Example 2. Reduction of intestinal ischemia reperfusion injury in a rat model using Compound 1 (INT-767), an FXR/TGR5 agonist.
The study was designed to demonstrate that (1) INT-767 given via intravenous route was more powerful than INT-747 via oral route as a pre-treatment for ischemia reperfusion injury; (2) IV treatment using INT-767 decreased ischemia reperfusion injury by (a) stimulating the FXR receptor to inhibit pro-inflammatory cytokine release and reduce intestinal permeability; (b) stimulating the TGR5 receptor, which inhibited monocytes from producing pro-inflammatory cytokines and stimulating intestinal recovery through GLP-1 upregulation.
Experimental design
The experiment was conducted under general anesthesia using intraperitoneal injections of Ketamine/Xylazine:
• Median laparotomy with dissection and clamping of the superior mesenteric artery using a microvascular clip. Intestinal ischemia was confirmed by paleness of the small bowel and lack of pulsation in the mesenteric vessels.
• Temporary closure of the abdomen using clips
• After 60 minutes of warm ischemia, the clamp was removed, 1 cc NaCl 0.9% was administered intraperitoneally (compensating for fluid loss) and the abdomen and skin were closed (using Prolene 3.0 and 4.0 respectively).
• At fixed time points after reperfusion (1 hour and 7 days) the animal was anesthetized and euthanized by exsanguination, in order to collect blood- and intestinal samples.

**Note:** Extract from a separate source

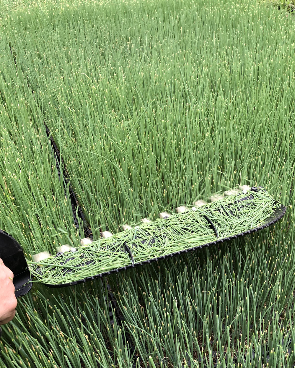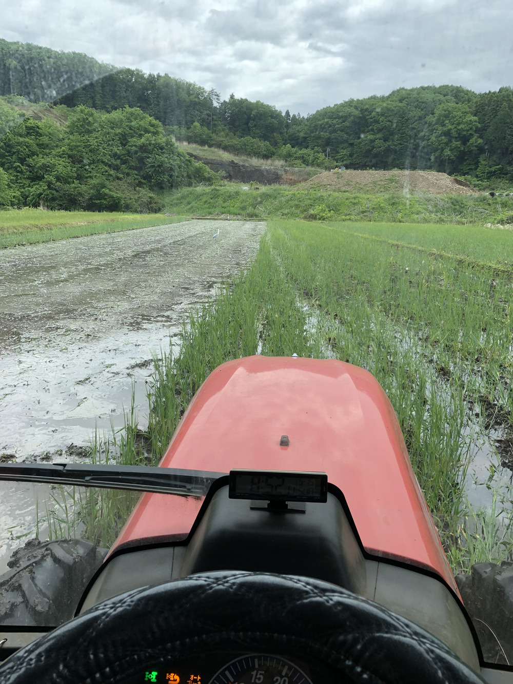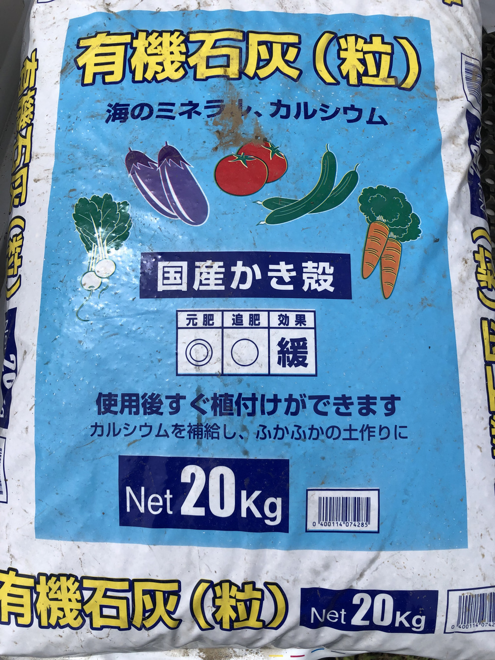 牡蠣殻石灰の他に緑色に見えてるのは 大麦(緑肥)です

• Postoperative analgesia was provided using buprenorphine in the 7-day group
• Samples from the ileum were collected and immediately mounted on an Ussing
chamber (Verbeke, et al. Obeticholic acid, a farnesoid X receptor agonist, improves portal hypertension by two distinct pathways in cirrhotic rats. Hepatology, 2014; 59(6):2286-2298) at 37°C in the 1-hour reperfusion group.
• In the treatment arms, INT-767 was administered via peripheral venous injection. The controls received an equivalent volume of vehicle only (physiologic saline NaCl 0.9%). INT-747 was administered via oral gavage, dissolved in methylcellulose 1%. • In the sham group, the identical procedure was performed except without occlusion of the superior mesenteric artery.
Phase 1: Proof of concept of efficacy of IV pre-treatment using INT-767 (N= 18 rats, 6 per group), 1 hour of reperfusion group only
• Group I: INT-74730 mg/kg (obeticholic acid) administered orally 24 and 4 hours before start of ischemia
• Group II: INT-76710 mg/kg administered IV 24 and 4 hours before start of ischemia • Group III: INT-76720 mg/kg administered IV 24 and 4 hours before start of ischemia Initial endpoints:
• Intestinal permeability: using the Ussing chamber.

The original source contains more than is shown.